▸ Task requirements: Below is a listing with pictures. Repeat exactly the lines starting at the one holding "新感覚スイーツや縁日、夏休み" and going on through the one holding "Белый гарнитур может", and leave every picture out.

▸ Information:
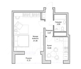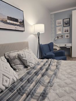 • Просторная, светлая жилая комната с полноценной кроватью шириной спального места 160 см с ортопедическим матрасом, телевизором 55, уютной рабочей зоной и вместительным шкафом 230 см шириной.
--
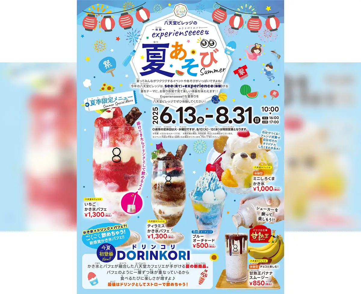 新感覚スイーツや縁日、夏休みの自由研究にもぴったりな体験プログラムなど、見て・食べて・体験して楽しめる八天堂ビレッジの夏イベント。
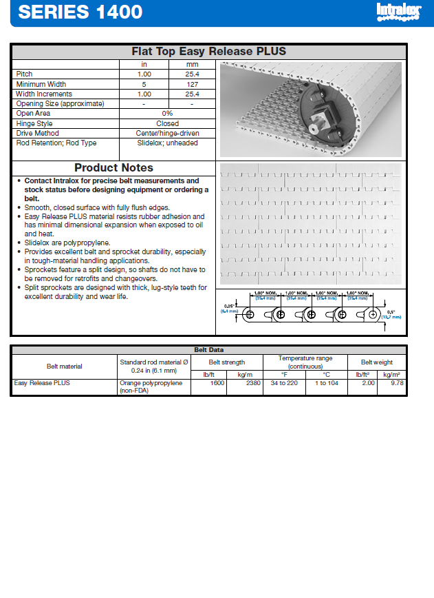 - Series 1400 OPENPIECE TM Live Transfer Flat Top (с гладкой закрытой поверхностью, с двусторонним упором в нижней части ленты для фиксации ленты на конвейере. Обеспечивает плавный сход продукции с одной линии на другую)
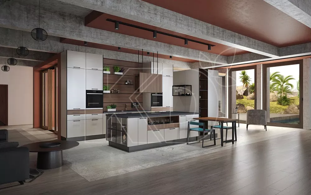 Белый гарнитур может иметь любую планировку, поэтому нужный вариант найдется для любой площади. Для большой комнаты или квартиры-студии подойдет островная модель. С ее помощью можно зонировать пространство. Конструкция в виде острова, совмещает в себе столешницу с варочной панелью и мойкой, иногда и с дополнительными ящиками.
* * *
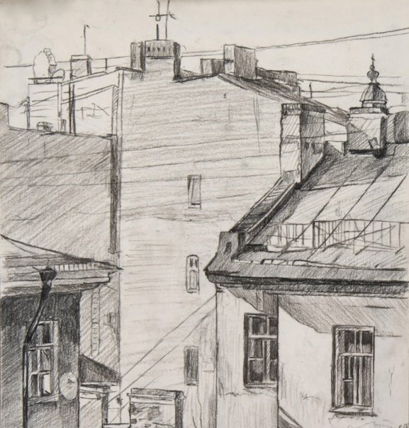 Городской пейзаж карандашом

▸ Written answer:
 新感覚スイーツや縁日、夏休みの自由研究にもぴったりな体験プログラムなど、見て・食べて・体験して楽しめる八天堂ビレッジの夏イベント。
 - Series 1400 OPENPIECE TM Live Transfer Flat Top (с гладкой закрытой поверхностью, с двусторонним упором в нижней части ленты для фиксации ленты на конвейере. Обеспечивает плавный сход продукции с одной линии на другую)
 Белый гарнитур может иметь любую планировку, поэтому нужный вариант найдется для любой площади. Для большой комнаты или квартиры-студии подойдет островная модель. С ее помощью можно зонировать пространство. Конструкция в виде острова, совмещает в себе столешницу с варочной панелью и мойкой, иногда и с дополнительными ящиками.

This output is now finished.